The pic also reminds how much digital camera tech has changed in 10 years. The E900 released in 2005, 800 is the maximum ISO, and the cutely composed image is quite noisy as result. Smartphones, , like the Samsung Galaxy S6 Edge featured on Day 353, can capture better low-light renders than most any digital compact of yore.

Our shooter is another reminder about what matters in another way, on this night that so many hold with Holy regard. He has been homeless, after losing a pub he owned for 16 years in September 2011. He cofounded The People’s Pub Partnership, which  “proposition is to buy and invest in freehold pubs that have been run into the ground through decades of chronic neglect—hen to reinvigorate them to be attractive, vibrant, bustling community hubs that operate right at the heart of their communities. Each pub will meet all the expectations British people rightly have of our best traditional pubs but they will be comprehensively retrofitted so they run without using any fossil fuels”.

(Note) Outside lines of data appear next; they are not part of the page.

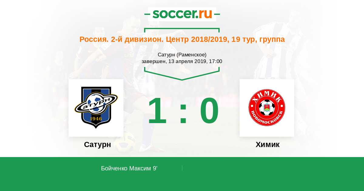 Сатурн - Химик: обзор матча 13 апреля 2019
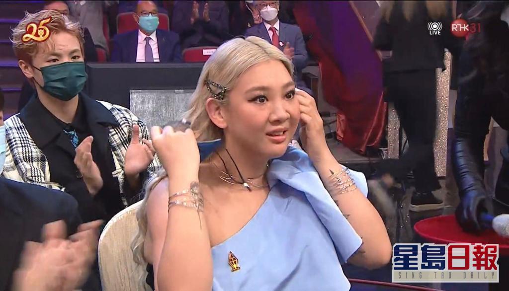 完成女歌手奖大满贯后,欣宜在后台受访时被问到怕不怕后浪,她直言顶不住,好多都很年轻,她记起自己初出道时廿几岁,转眼十几年,大赞现时新人好叻,提醒了她不要松懈。谈到Google以插画记念其母沈殿霞(肥姐)冥寿,欣宜透露Google由去年联络她,她大赞画得妈咪好靓,好感动和开心见到外国粉丝分享,以特别方式记念母亲。
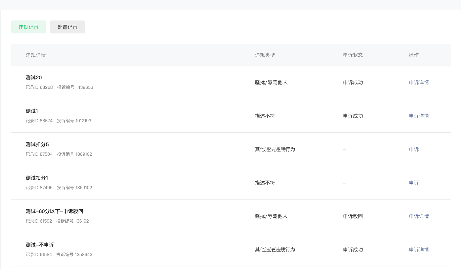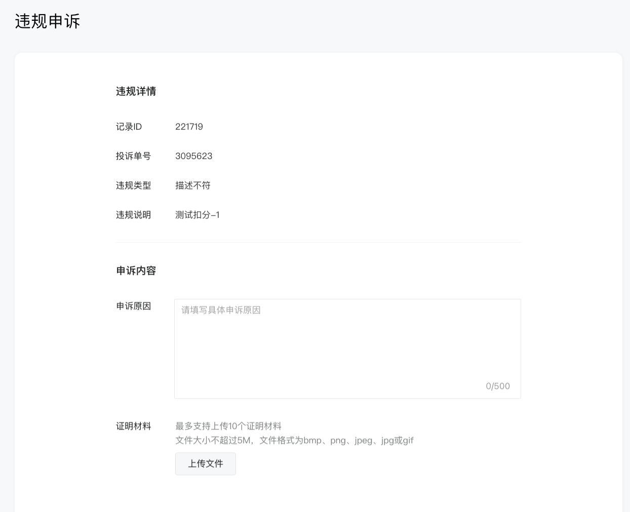 开发者可就平台作出的扣分处理享有一次申诉机会。如开发者不认可平台作出的违规行为认定和扣分处理,可在收到扣分处理通知的7日内在违规记录列表中针对扣分记录发起申诉。
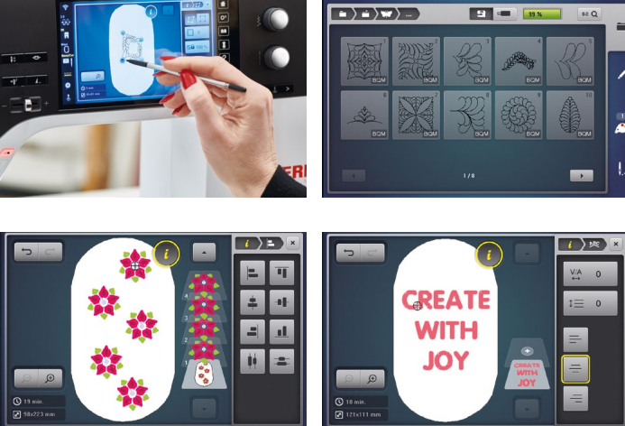 Vyšívanie na stroji Bernina 790 PRE Vás prenesie do sveta profesionálov. Priamo na obrazovke môžete vzory upravovať a kombinovať. Možnosť tvoriť zakrivené nápisy, meniť hustotu stehov a kombinovať ozdobné stehy s výšivkovými vzormi alebo vytvárať nádherné nekonečné výšivkové vzory, Vás posunie vo vyšívaní v domácich podmienkach o ďalší level. Môžete zmeniť poradie vyšívania zložitých vzorov podľa farieb, prípadne pred vyšitím použiť voľby alternatívnych farieb.
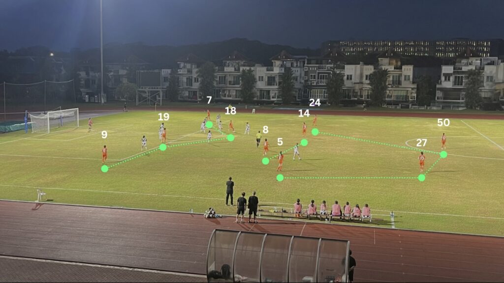 Took a close-range shot to the head from an opposition cross in the left wide area. Everyone in the stand heard the ricochet and was immediately like, OMG. Stood up, received some treatment on the sideline and got on with the big ask of defending against a free-scoring ALBWT looking to outdo their title competitor.
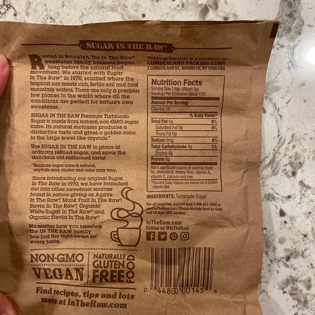 Great cane sugar! We use this in my house for baking, especially to coat gingerbread cookies my brother makes for the holiday season. The brown paper bag packaging makes it seem more simple and ‘natural.’ It is a golden color. Swipe to see more info!

During times of hardship and hope, Mark kept shooting photos, even if uploading at slower pace. He says:

When I began taking pictures very few people took photography seriously. It was a thing which professionals did professionally and which amateurs used to record highdays and holidays without much consideration. Although I was rather unaware of this at the time, I realize now that I used photography as an aide-mémoire for the things I saw around me. A bit like an external hard drive really.

As I grew up taking pictures I began to like the notion that photography can be a sublime, almost nihilist, art form entirely accessible to anyone who can afford a snapshot camera. Ubiquitous. Casual. Throwaway. Valueless. Personal. Precious. Priceless. And at the same time it can be an incredibly powerful tool of communication on many different planes.